Sur un autre plan, on tente de faire passer inaperçues un ensemble de dispositions destinées à récupérer le maximum de liquidités à travers une fiscalité dormante durant toute la période de l’aubaine de la manne pétrolière et le retrait des subventions de l’Etat à la limite rouge de la baguette de pain et du sachet de lait, ce  qui va doper d’avantage la hausse des prix  au moment où  sur le pouvoir d’achat des citoyens est hypothéqué par une  cherté de la vie déjà fort contraignante pour les bas salaires et les petits revenus instables. 

Pendant ce temps, il n’y a aucune réaction des autorités concernées notamment le ministère du Commerce face à cette augmentation des prix des produits alimentaires. Que pensez-vous de ça?

Le ministère du commerce, pour sauver son image, ne peut faire que dans le populisme, dans bien des cas au dépend de gens qui ne font que leur travail dans un contexte miné par une culture de l’assistanat et de l’informel qu’il n’est pas aisé de changer sans une production nationale alternative. D’autant plus que le ministère de l’agriculture qui se positionne à l’amont ne fait rien pour contenir cette dépendance des productions extérieures, celui du commerce ne peut que s’agiter dans le vide. On a assisté à plusieurs reprises à une guéguerre inutile entre les 2 administrations à travers des déclarations des uns et des autres. Ce qui cache très mal l’absence d’une politique de développement cohérente des secteurs 

Quel impact de cette flambée des prix sur le citoyen dont le pouvoir d’achat est déjà mis à rude épreuve?

C’est une situation conséquente de politiques économiques basées sur le soutien de l’Etat tous azimuts, qui risquent d’être conflictuelles, si au lieu de dégager des politiques de développement cohérentes en mesure de reconstruire des filières autonomes autour de chaines de valeurs et en même temps créer de l’emploi et où la dynamique de l’emploi et pouvoir d’achat auront un impact primordial sur le comportement des ménages en termes de consommation et la relation inverse sera aussi à l’œuvre. C’est la seule démarche que peut rendre l’impact socio-économique.

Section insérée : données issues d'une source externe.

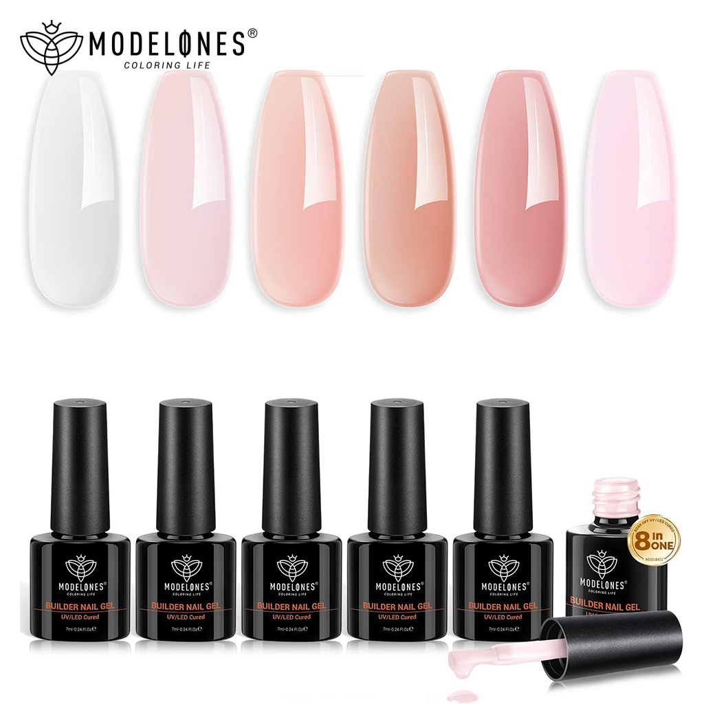 MODELONES BUILDER NAIL GEL SET, 6 COLORS GEL BUILDER 8-IN-ONE, JELLY NUDE PINK HARD GEL BUILDER NAIL STRENGTHENER EXTENS
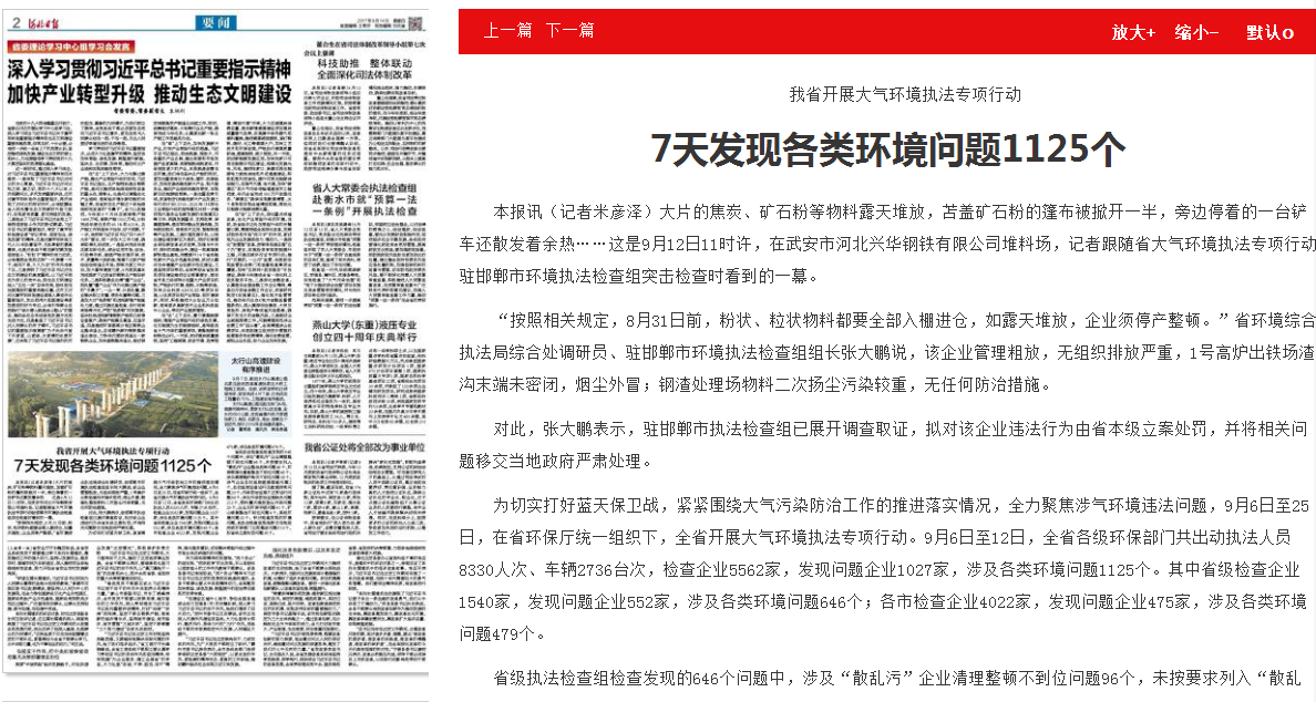 为切实打好蓝天保卫战,紧紧围绕大气污染防治工作的推进落实情况,全力聚焦涉气环境违法问题,9月6日至25日,在省环保厅统一组织下,全省开展大气环境执法专项行动。9月6日至12日,全省各级环保部门共出动执法人员8330人次、车辆2736台次,检查企业5562家,发现问题企业1027家,涉及各类环境问题1125个。其中省级检查企业1540家,发现问题企业552家,涉及各类环境问题646个;各市检查企业4022家,发现问题企业475家,涉及各类环境问题479个。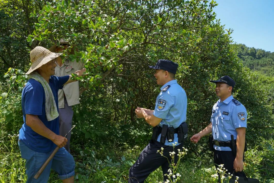 ▲信陽市公安局民警深入茶園,調(diào)查走訪轄區(qū)群眾,排查化解矛盾糾紛。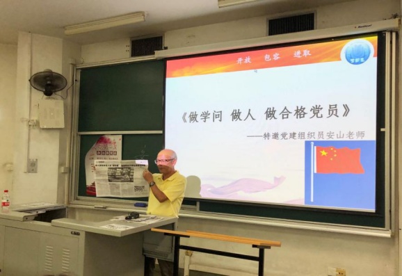 党课伊始,安山老师首先恭喜所有新生同学完成了人生中的又一次华丽转身,随后安山老师从"做学问、做人、做合格党员"三个方面展开了这次党课。首先,安山老师希望同学们能够心无旁骛做学问。安老师指出,考入高校并非进入了保险箱,因而希望同学们要励志求学,自律和自我要求应该在入学第一天就要做好。安山老师以身边鲜活的事例来警示同学们,希望同学们能够严格遵守学校的各项要求,顺利完成学业。安山老师又强调了做人是一门学问。安老师引用习近平总书记的讲话"广大青年人人都是一块玉,要时常用真善美来雕琢自己,不断培养高洁的操行和纯朴的情感,努力使自己成为高尚的人",告诫同学们在现实生活中要经得住诱惑,不能随波逐流,在虚拟世界中明辨是非,加强自己的鉴别能力,做到诚信友善,严于律己。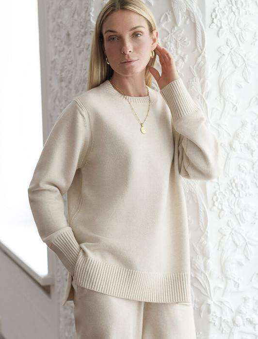 Джемпер с круглым воротом выполнен из мягкой меланжевой пряжи с кашемиром. Лаконичная модель свободного силуэта дополнена боковыми разрезами. Мягкая пряжа очень приятная к телу, поддержит комфорт на протяжении всего дня. Сочетается в костюме с брюками D38.013, D38.012 и юбкой D36.016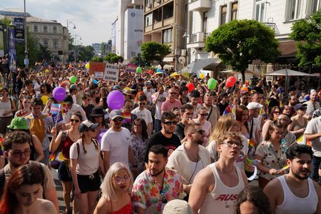 BUCHAREST (Reuters) -Tens of thousands of Romanians joined an LGBTQ Pride march in Bucharest on Saturday, demanding civil union partnership legislation and equal rights after a highly-contested presidential election last month buoyed the far right.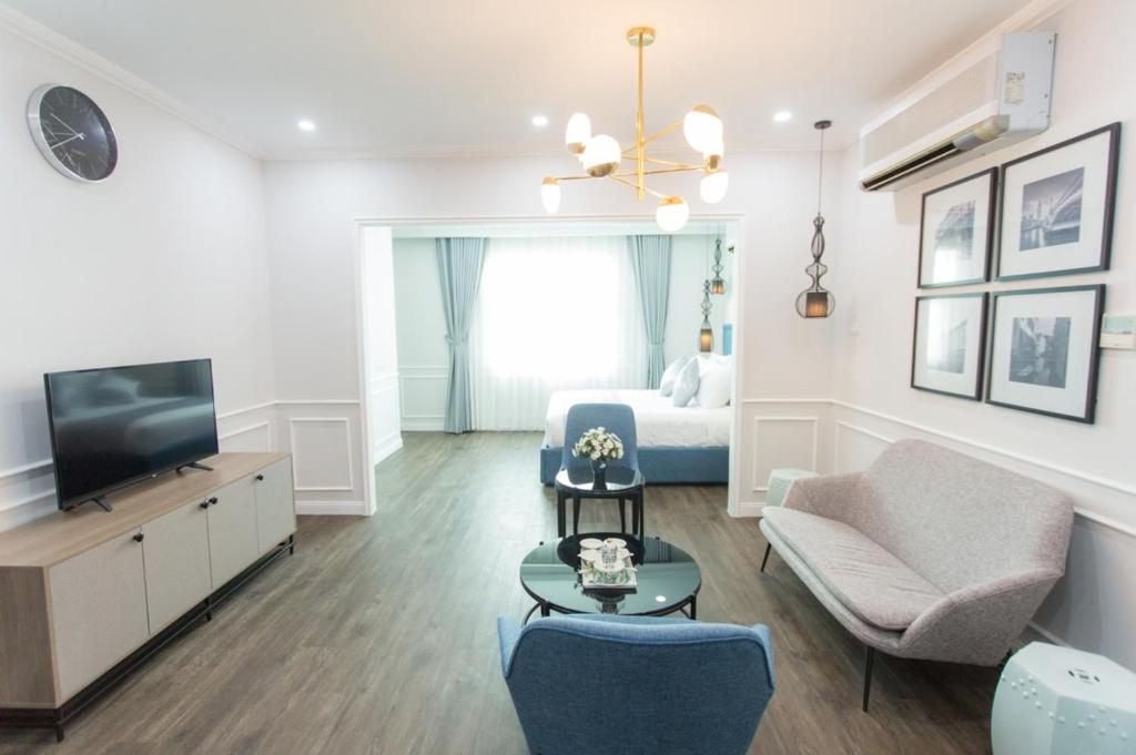 Khách sạn sở hữu các căn hộ rộng rãi được bài trí trang nhã, kết hợp hài hòa giữa thiết kế kiểu Pháp và Việt Nam. Mỗi căn hộ đều có phòng khách riêng biệt, ghế sofa thoải mái và TV truyền hình cáp màn hình phẳng. Bằng việc sử dụng tông màu be nhạt kết hợp một chút nâu, không gian tạo cảm giác ấm cúng, tinh tế nhưng vẫn giữ được sự sang trọng hiện đại.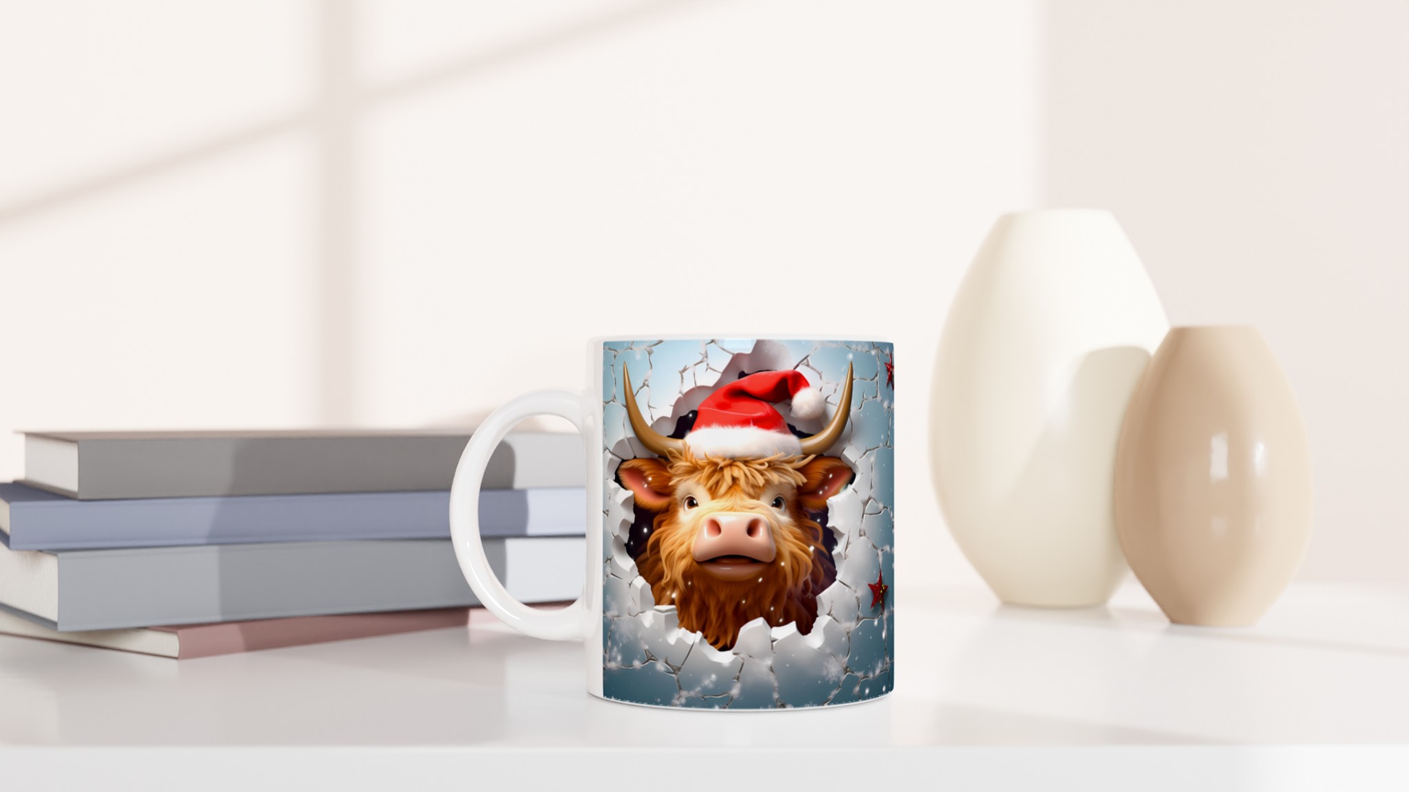 Sprid julglädje med denna charmiga keramiska mugg, som blir en omedelbar favorit under högtiden! Föreställ dig den mysiga känslan med en gullig julko i tomteluva som tittar fram genom en snöig vägg – den perfekta följeslagaren för ditt morgonkaffe, kvällens varma choklad, eller när du bara vill njuta av en kopp te under vinterkvällarna.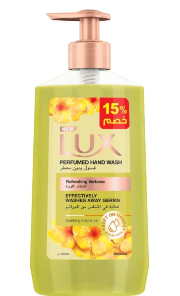 Lux Purifying Verbena is a premium antibacterial hand wash that combines the sophisticated fragrance of French Verbena with the refreshing zing of Green Tea. It is designed to offer a spa-like cleansing experience while effectively removing germs. – غسول اليدين لوكس بيوريفاينج فيربينا هو غسول فاخر مضاد للبكتيريا يجمع بين عبير زهرة الفربينا الفرنسية الفوّاح وانتعاش الشاي الأخضر. صُمم ليمنحك تجربة تنظيف فاخرة تُضاهي تجربة المنتجعات الصحية، مع إزالة الجراثيم بفعالية.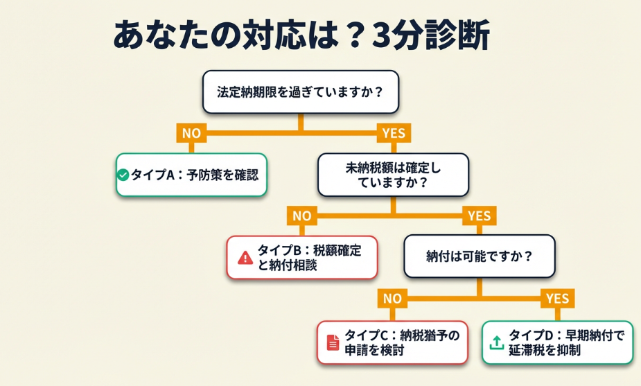 | タイプC | 国税庁ツールで延滞税を計算し、今週中に納付または税務署に分納相談する |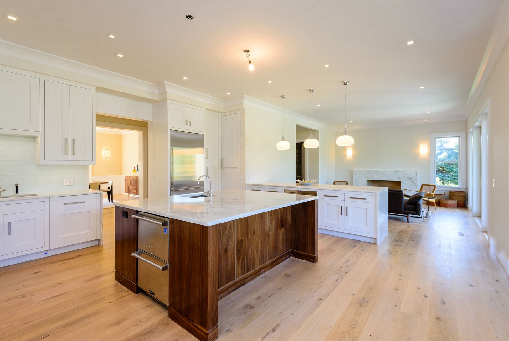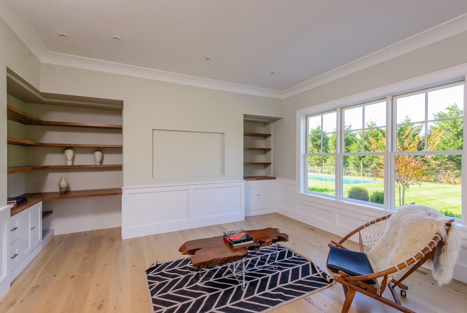 Situated on a quiet cul de sac in Bridgehampton, this recently completed traditional is the quintessential Hamptons home, combining elegant design with a modern flair. The first floor of this 5,700 sf residence is entered through a beautiful foyer leading to a great room with cathedral ceilings, floor-to-ceiling windows, French doors, and a fireplace with built-in mantle. Fully equipped with top grade, stainless steel appliances, the gourmet k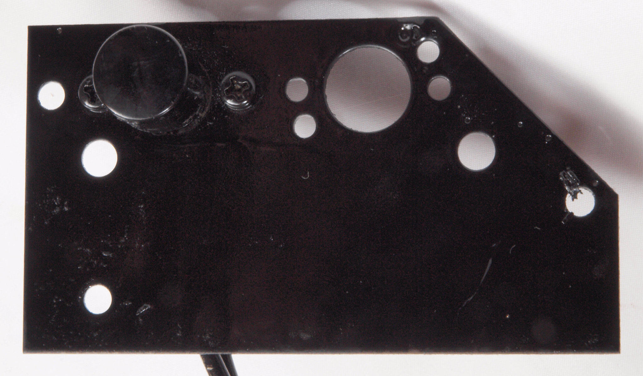 CD6. 修理(塗装)後 電源SW・LED取付金具裏。塗装する、SWのボタンが接着してあるので、取り付けたままで塗装する。

A présent, malheureusement, on continue à sacrifier le potentiel humain et matériel dont dispose le pays sur l’autel de l’incompétence avérée des ministères chargés des secteurs économiques sans exclusive. Aussi, Il faut se rendre à l’évidence que notre législatif est vide en termes de production et de protection du produit national, ce qui complique la solution, si l’on continue à espérer des changements économiques en se fixant intra-muros des objectifs pour lesquels on ignore comment y parvenir avec des mécanismes qui n’ont rien donné. C’est le défaut majeur des politiques engagées jusqu’alors, dont les conséquences commencent à faire mal sans la couverture de la manne pétrolière. Le cas du Venezuela est à exemple à méditer pour éviter la catastrophe.